Beliau tidak pernah mengurangkan satu huruf atau melebihkannya terlebih memodifikasi. Menurut “ibu segala anak”, ejaan kata yang kita keluarkan jadi perhatian dan contoh kepada pendengarnya karena itu perhatikan durasi dan penggalan kata sesuai dengan kemampuan cara menangkap anak. Kalau kita berkata, 'za' dari kata 'saya' atau persamaan 'saia', Anda bisa bayangkan apa yang terjadi ? Istilah kerennya “suami kencing berdiri istri kencing berlari” karena contoh yang baik datangnya dari kepala rumah tangga diamalkan oleh istri dan jadi contoh kepada anak. Tiap orang adalah pemimpin dan lingkungan adalah binaan, tidak bisa dibayangkan kalau contoh salah yang kita berikan dan dikerjakan oleh oranglain.”

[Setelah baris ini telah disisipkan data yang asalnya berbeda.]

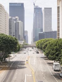 A vibrant cityscape of Los Angeles, California, USA featuring tall skyscrapers, modern architecture, and a busy road lined with street signs. The image captures the bustling urban life with vehicles and pedestrians moving along the asphalt road. The towering buildings and business district create a stunning skyline against the clear sky. The presence of vegetation and trees adds a touch of greenery to the city landscape. The photo is taken from a top-down perspective, showcasing the impressive infrastructure and urban design of the city. The image also captures the straight road leading into the distance, giving a sense of depth and perspective. The bright daylight illuminates the scene, casting shadows and highlighting the details of the buildings and street. This stock photo perfectly represents the energetic and dynamic atmosphere of Los Angeles.

Kemudian saya teringat seorang sahabat yang selalu menulis capcay di setiap akhir komentar dan satu sahabat yang menyarankan saya menghilangkan kode unik pada kolom komentar. Alasannya simple, memudahkan pengunjung memberikan komentar. Kemudian saya bertanya pada sahabat lain, apa tujuan kata unik itu di sediaka ? Beliau menjawab untuk mengontrol komentar spam. Bagaimana pengaruhnya, kurang tambah kelengkapan kata ? Sangat berpengaruh pada ribot google saat membaca.

Bagaimana menurut sahabat ? Robot bisa membaca kata yang lengkap, anak balita belajar membaca ejaan kata yang benar. Lalu kita para komentator yang berbalas sapa kunjung mengunjungi blog sahabat, haruskah kembali melihat kamus buku dan kamus kehidupan atau les privat kepada beliau “ibu segala anak” ?

Saya masih bingung dalam hal ini. Bila ada sahabat yang lebih paham, mohon kebaikannya untuk berbagi mengingat ilmu yang baik lebih berguna bila diamalkan.